-- Opening Marker --
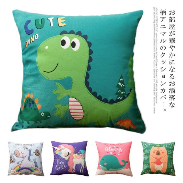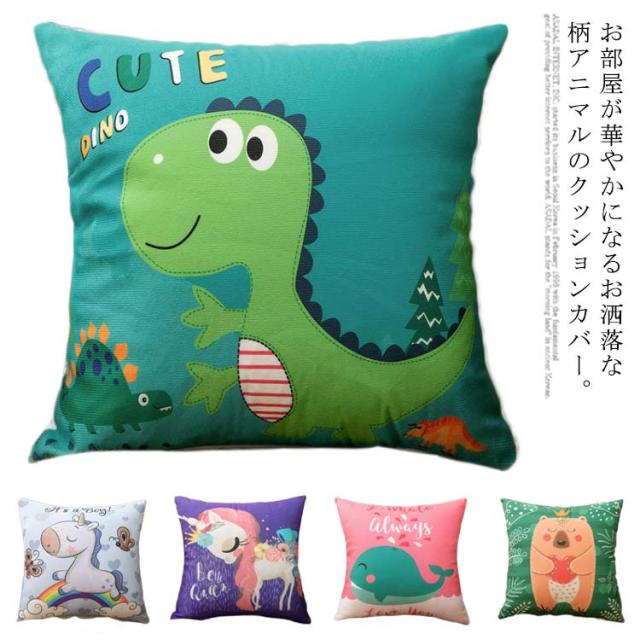 【送料無料】クッションカバー インテリア 雑貨 模様替え かわいい おしゃれ 花柄 動物 ウマ くま 恐竜 ゾウ ユニコン ねこ アニマル柄 汚れ防止 やわらか かわいい キッズ 子供 シンプル カジュアル 正方形 背当て クッション 40×40cm 45×45cm
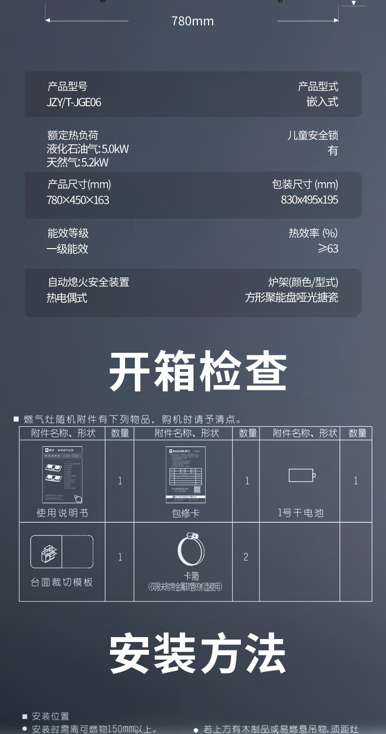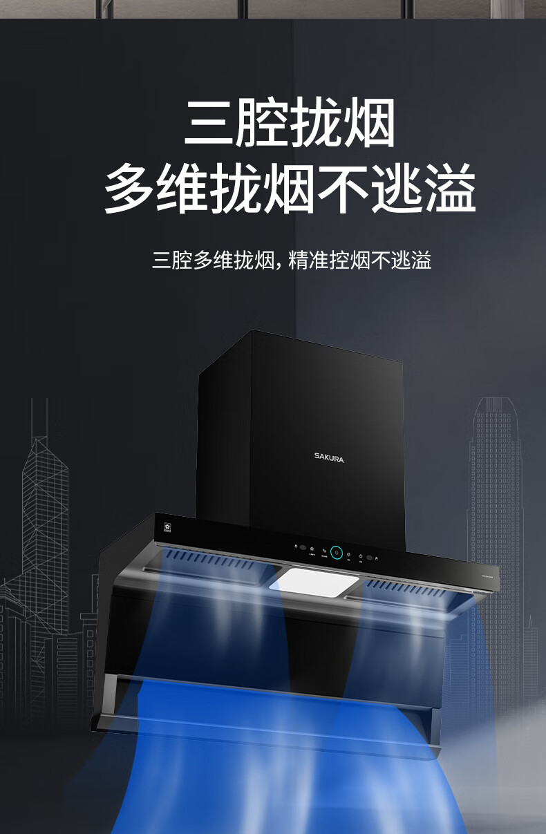 • 商品名称:樱花(SAKURA)顶侧三腔多维瞬吸23m³/min大风量橱柜齐平5.2KW钢化玻璃灶PQC02+JGE06天然气【套装商品】 CXW-258-PQC02/台
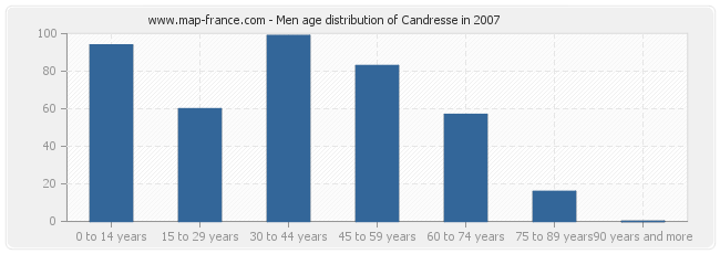 - Population of Candresse from 30 to 44 years : 148 inhabitants
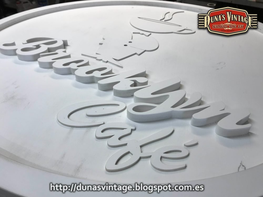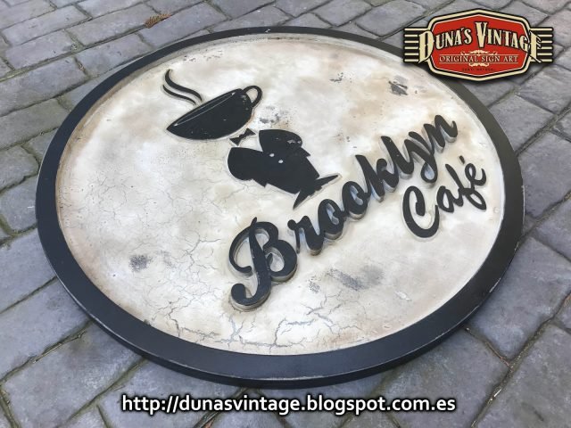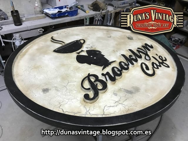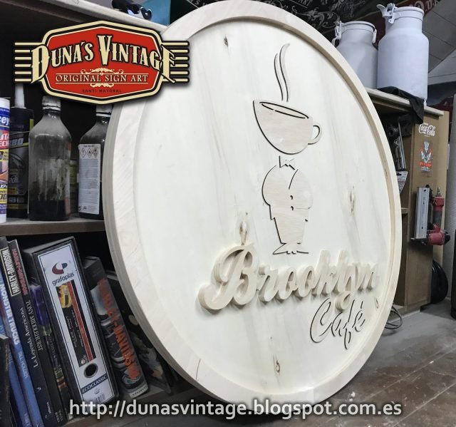 Cartel de madera tamaño 100cm de diámetro para nuevo Café en las Baleares, esta trabajado en madera con diferentes relieves en madera y acabado Vintage.
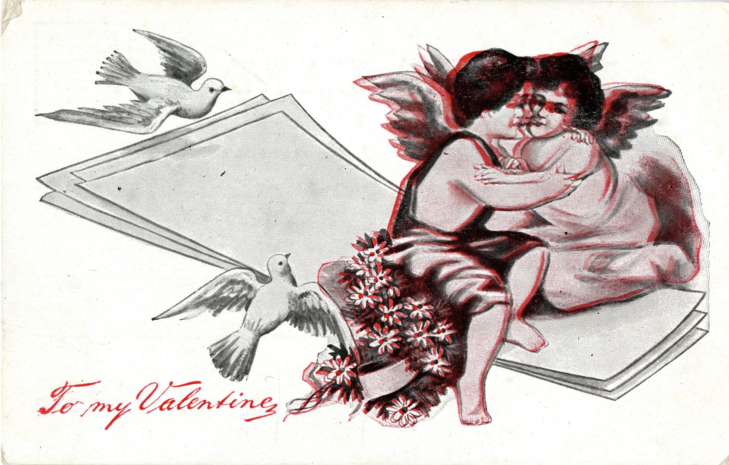 Valentine's Day postcard with a red, black and white image with two doves and two Cupids. Text says "To My Valentine."
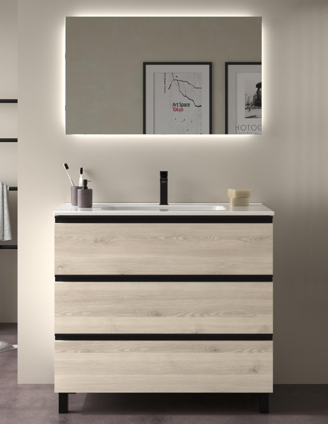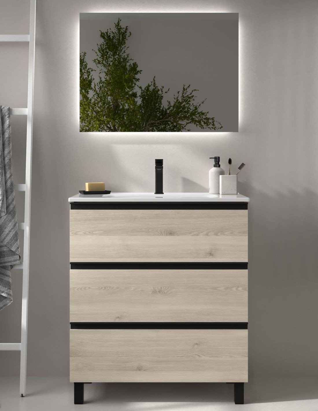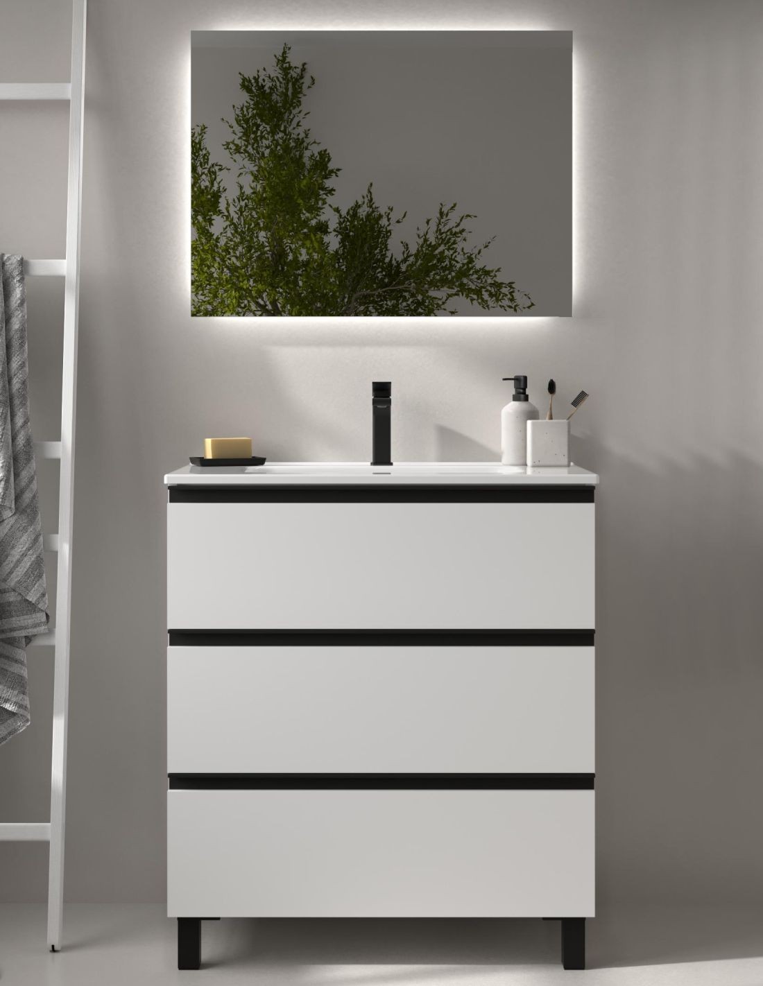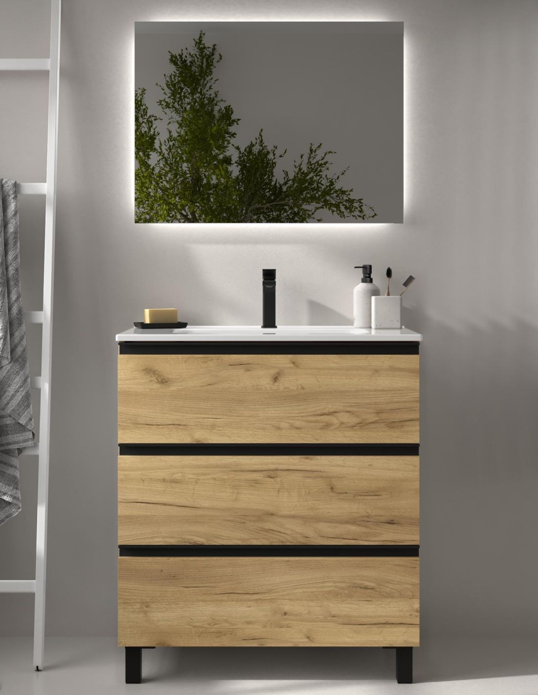 ¿Buscas un mueble de baño de con diseño industrial y moderno? El modelo de conjunto 3 cajones Bequia Metal es lo que buscas. Únete a la tendencia de los detalles negros y dale un aire nuevo a tu cuarto de baño. ¡Conócelo!
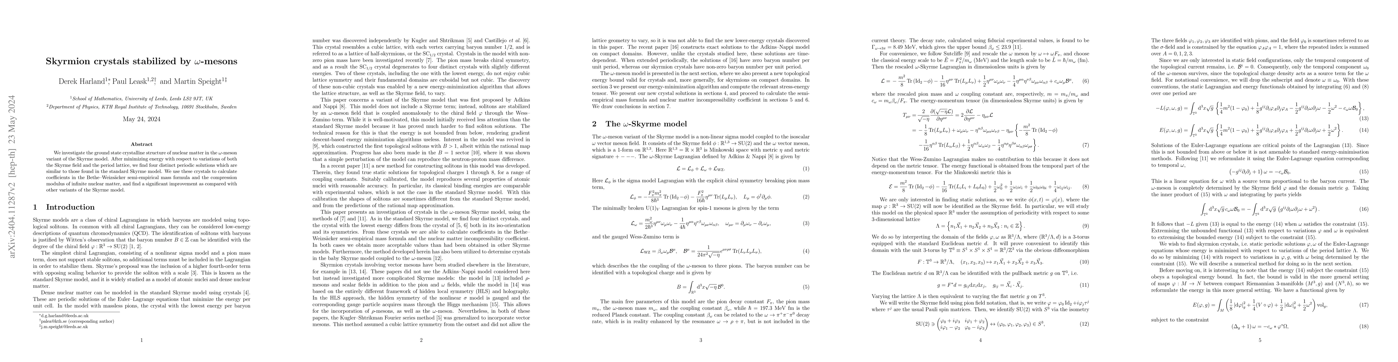 This study explores the crystalline structure of nuclear matter under an $\omega$-meson variant of the Skyrme model, identifying four periodic solutions that improve calculations for the Bethe-Weizsäcker mass formula and the compression modulus compared to other models.
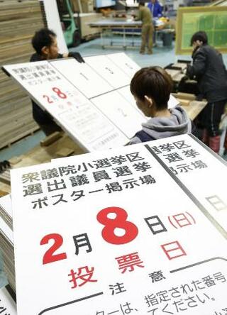 衆院選の公示日に向け、急ピッチで進む選挙ポスター掲示板の製作作業=2026年1月19日、長野県千曲市の「シナノスクリーン工芸」
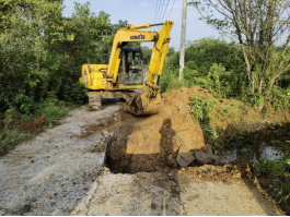 2025年9月14日晚间,包片干部在例行巡查中,发现该处坑洼系因重型车辆碾压及近期雨水冲刷所致。为确保安全,村支书黄喜英第一时间带领两委干部,对坑洼处放入石块预填,在周边设置了醒目的警示标志和路障,并通过村民微信群发布安全提醒,告知村民注意绕行。同时村委会立即启动应急维修程序,当晚联系好施工队,制定好施工方案,并安排村干部第二天值守关键路口,负责劝导村民绕行。
-- Closing Marker --
◆ Work order
Write out nothing but the lines from the start of the data through the line with "- Population of". Leave out the pictures.

◆ Solution to this problem
 【送料無料】クッションカバー インテリア 雑貨 模様替え かわいい おしゃれ 花柄 動物 ウマ くま 恐竜 ゾウ ユニコン ねこ アニマル柄 汚れ防止 やわらか かわいい キッズ 子供 シンプル カジュアル 正方形 背当て クッション 40×40cm 45×45cm
 • 商品名称:樱花(SAKURA)顶侧三腔多维瞬吸23m³/min大风量橱柜齐平5.2KW钢化玻璃灶PQC02+JGE06天然气【套装商品】 CXW-258-PQC02/台
 - Population of Candresse from 30 to 44 years : 148 inhabitants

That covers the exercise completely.